Assignment:
Only the lines below from the one containing "GIROCOLLO IN ORO" through the one containing "Научно-исследовательская дрейфующая полярная" belong in the answer, repeated exactly and without pictures.

(Records excerpted from a collection)

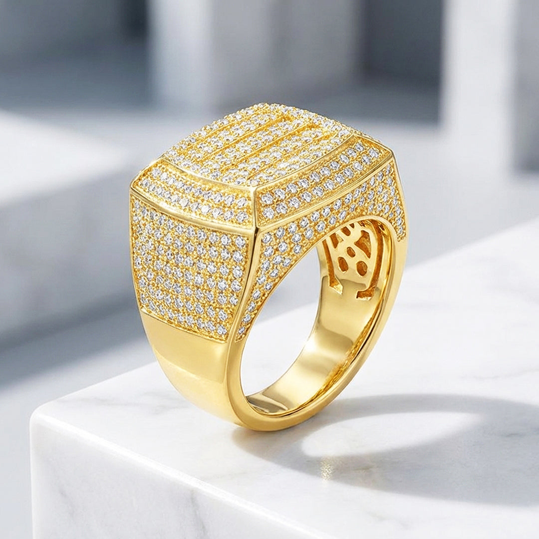 Two colours, one level of impact. This fully iced cushion signet ring covers every visible surface — raised centre face, angled side panels, and tapered shoulders — in round Moissanite pavé, with clean silver rails defining the geometric edges of the face. Every stone is genuine Moissanite, D Colour and VVS1 Clarity, set in solid 925 Sterling Silver with five layers of electroplating. Available in silver or gold finish, it's the same ring, two completely different personalities — and either way, it commands the room.
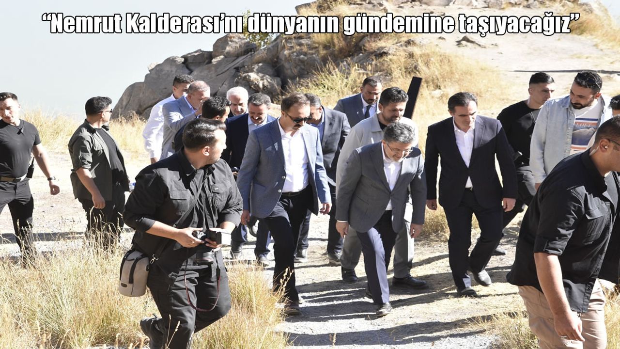 Bakan Yumaklı Nemrut’un muhteşem doğaya ve biyoçeşitliliğe sahip olduğunu ifade ederek, "İnşallah, sadece yurt içinden değil, yurt dışından da çok ciddi bir ziyaretçi kitlesinin buraya geleceğini düşünüyoruz. Bu manada, etrafınızda da gördüğünüz gibi, sonbaharın bütün renklerini taşıyan bir bitki örtüsü var. Yine içerisinde keşfedilmiş ya da henüz keşfedilmemiş hayvan türleri mevcut. Muhtemelen bunların hepsiyle ilgili, üniversitelerle birlikte yapılacak olan çalışmalar gündeme gelecek. Dağ sporları, kış sporları açısından da hak ettiği yere geleceğini düşünüyorum. Bu kalderanın hem içi hem dışı bütün bunlara müsait. İnşallah, Doğa Koruma ve Milli Parklar statü değişikliğinden sonra, buranın koruma-kullanma dengesini gözeterek, turizmin hizmetine sunulmasını, insanların gözünün ve gönlünün açılacağı bu güzellikleri görmesini sağlayacak ortamın hazırlanmasını arkadaşlarımız sağlayacaklar. Hâlihazırda buraya yakın mesafede bir kayak tesisi olarak düzenlenmiş bir alan var. Ancak turizm olayı daha farklı bir konu. Bu kalderanın, özellikle biyoçeşitliliğin ne anlama geldiği, bu güzelliklerin fark edilmesi, izlenmesi ve insanlarımız tarafından gözlemlenmesinin ne ifade edeceği tarafındayım. Doğal olarak ziyaretin olduğu yerde turizm de gelişiyor" şeklinde konuştu.
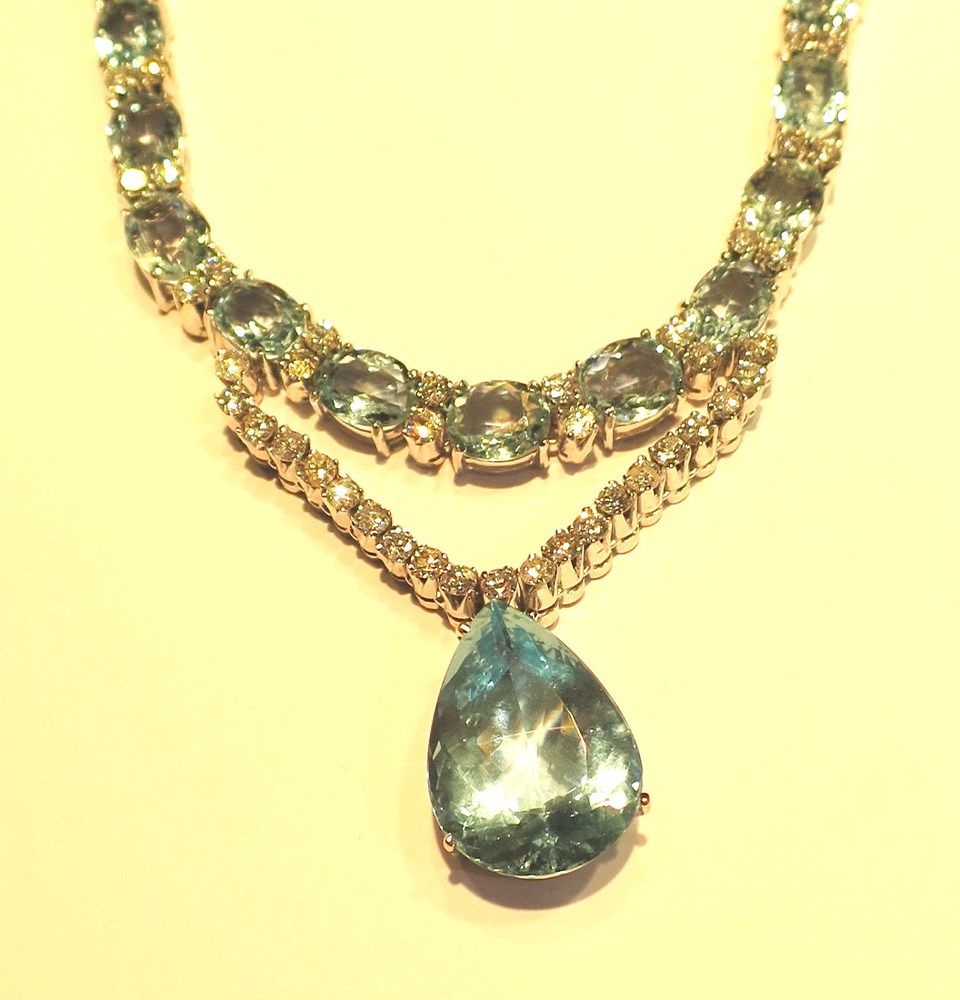 GIROCOLLO IN ORO BIANCO, ACQUAMARINE E DIAMANTI decorato con 44 acquamarine...
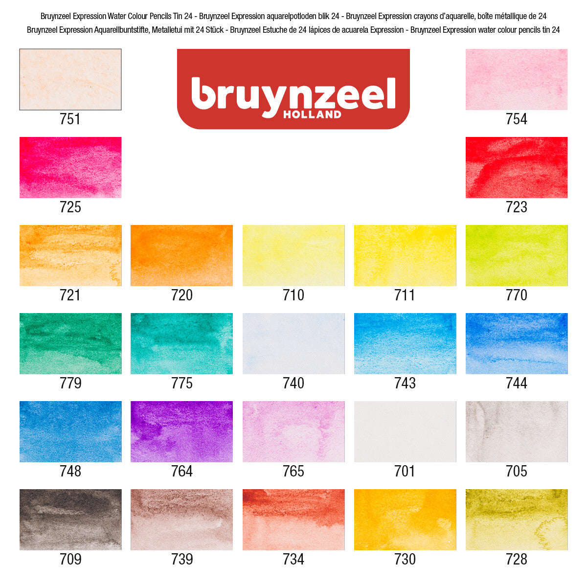 - Bruynzeel Expression set contains 24 high-quality watercolor pencils with a strong, thick 2.9 mm core.
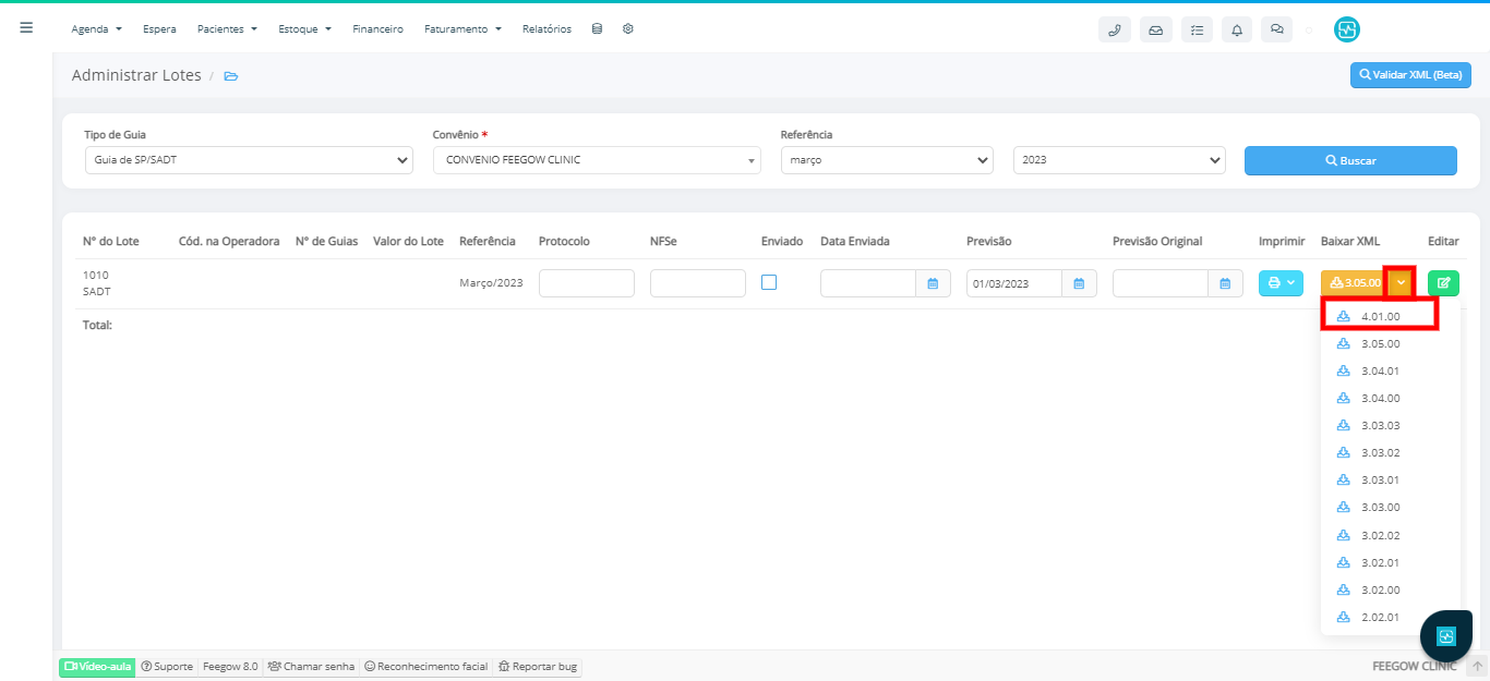 - Em Faturamento > Administrar Lote > Buscar pelo tipo de guia, pelo convênio e mês e ano de referência > No menu de versões do XML a opção estará listada.
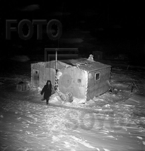 Научно-исследовательская дрейфующая полярная станция "Северный Полюс-3". Какая бы ни была погода, на дежурстве надо быть вовремя. Апрель 1954
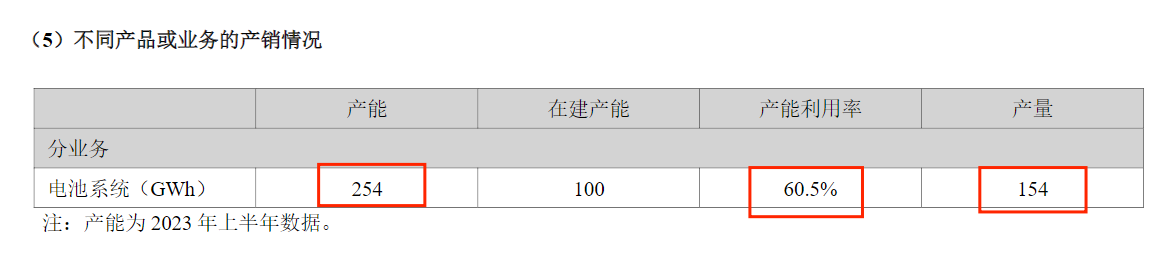 从宁德时代半年报里,也能看出一些“隐忧”。财报显示,其2023年上半年电池系统实际产量仅为154GWh,而产能却已扩建至254GWh,产能利用率大幅跌至60.5%,2022年同期则超过80%。持续扩张的产能并没有转化为产量,四成产能被“闲置”。
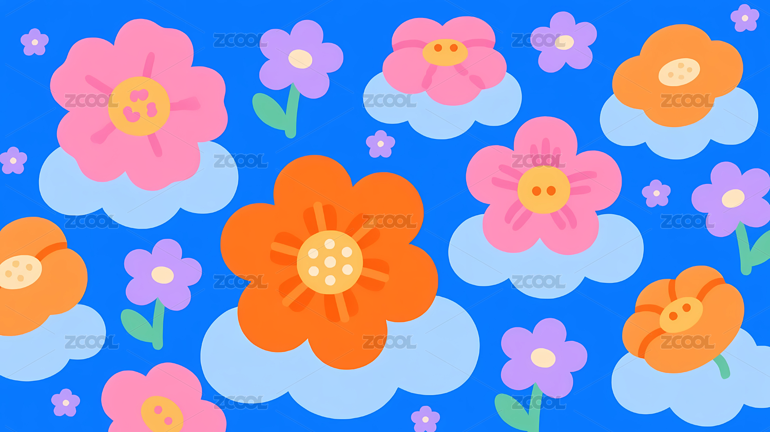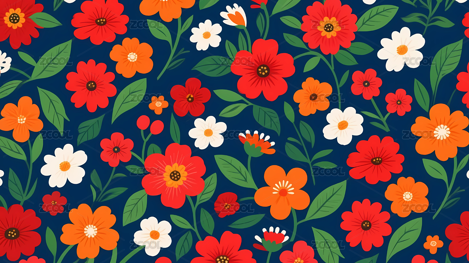 背景,绿色,花朵,黄色,叶子,鲜艳,色彩,橙色,对比,深蓝

Written response:
 GIROCOLLO IN ORO BIANCO, ACQUAMARINE E DIAMANTI decorato con 44 acquamarine...
 - Bruynzeel Expression set contains 24 high-quality watercolor pencils with a strong, thick 2.9 mm core.
 - Em Faturamento > Administrar Lote > Buscar pelo tipo de guia, pelo convênio e mês e ano de referência > No menu de versões do XML a opção estará listada.
 Научно-исследовательская дрейфующая полярная станция "Северный Полюс-3". Какая бы ни была погода, на дежурстве надо быть вовремя. Апрель 1954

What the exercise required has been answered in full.